[JENKINS-27514] Core - Thread spikes in Computer.threadPoolForRemoting leading to eventual server OOM - Jenkins Jira

Type: Epic
Resolution: Unresolved
Priority: Major
Component/s: core, remoting, ssh-slaves-plugin
Labels:
- slave
Environment:

Hide
We are running Jenkins 1.565.3 with ssh-plugin 1.5 (the default with 1.565.3) on half the masters and ssh-plugin 1.9 (latest version) on the other half of the masters. Both sets exhibit this thread leakage. All masters run on Ubuntu Precise with java version "1.7.0_65" OpenJDK Runtime Environment (IcedTea 2.5.1) (7u65-2.5.1-4ubuntu1~0.12.04.2) OpenJDK 64-Bit Server VM (build 24.65-b04, mixed mode).

Show
We are running Jenkins 1.565.3 with ssh-plugin 1.5 (the default with 1.565.3) on half the masters and ssh-plugin 1.9 (latest version) on the other half of the masters. Both sets exhibit this thread leakage. All masters run on Ubuntu Precise with java version "1.7.0_65" OpenJDK Runtime Environment (IcedTea 2.5.1) (7u65-2.5.1-4ubuntu1~0.12.04.2) OpenJDK 64-Bit Server VM (build 24.65-b04, mixed mode).

Epic Name:
Core - Thread spikes in Computer.threadPoolForRemoting
Similar Issues:
Powered by SuggestiMate

Show

This issue has been converted to EPIC, because there are reports of various independent issues inside.

Issue:

Remoting threadPool is being widely used in Jenkins: https://github.com/search?q=org%3Ajenkinsci+threadPoolForRemoting&type=Code
Not all usages of Computer.threadPoolForRemoting are valid for starters
Computer.threadPoolForRemoting has downscaling logic, threads get killed after 60-second timeout
The pool has no thread limit by default, so it may grow infinitely until number of threads kills JVM or causes OOM
Some Jenkins use-cases cause burst Computer.threadPoolForRemoting load by design (e.g. Jenkins startup or agent reconnection after the issue)
Deadlocks or waits in the threadpool may also make it to grow infinitely

Proposed fixes:

Define usage policy for this thread pool in the documentation
Limit number of threads being created depending on the system scale, make the limit configurable (256 by default?)
Fix the most significant issues where the thread pool gets misused or blocked

Original report (tracked as ~~JENKINS-47012~~):

> After some period of time the Jenkins master will have up to ten thousand or so threads most of which are Computer.theadPoolForRemoting threads that have leaked. This forces us to restart the Jenkins master.

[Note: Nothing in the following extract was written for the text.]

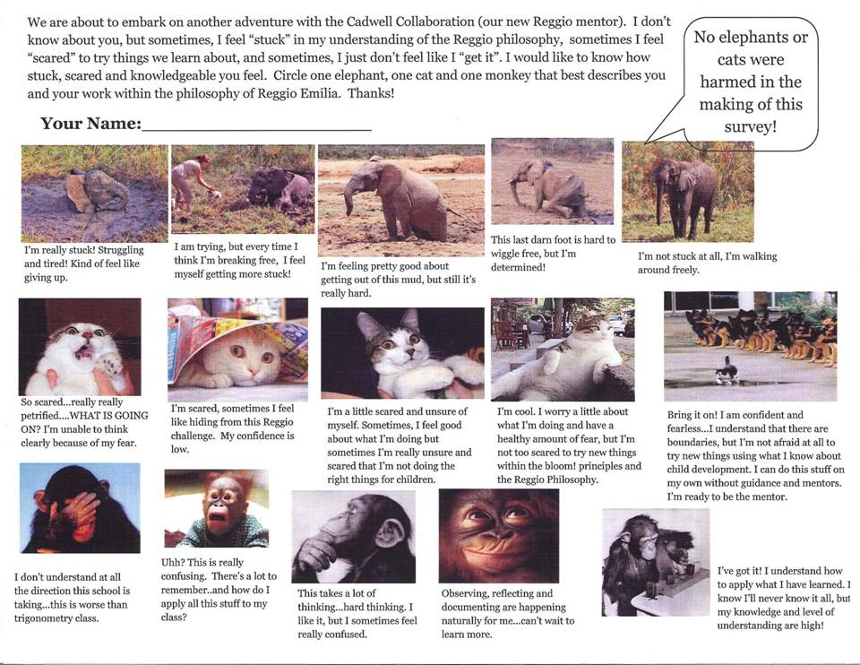 Here is a great idea from Sherry Hanchar, the executive director of Butler Early Education (BEE) in Butler Indiana. Take a look at this survey below to see how Sherry took a previously un-measurable thing (“How are you feeling about the changes we’re being asked to make?”) and came up with a way to measure progress.

> We do add and delete slave nodes frequently (thousands per day per master) which I think may be part of the problem.

> I thought https://github.com/jenkinsci/ssh-slaves-plugin/commit/b5f26ae3c685496ba942a7c18fc9659167293e43 may be the fix because stacktraces indicated threads are hanging in the plugins afterDisconnect() method. I have updated half of our Jenkins masters to ssh-slaves plugin version 1.9 which includes that change, but early today we had a master with ssh-slaves plugin fall over from this issue.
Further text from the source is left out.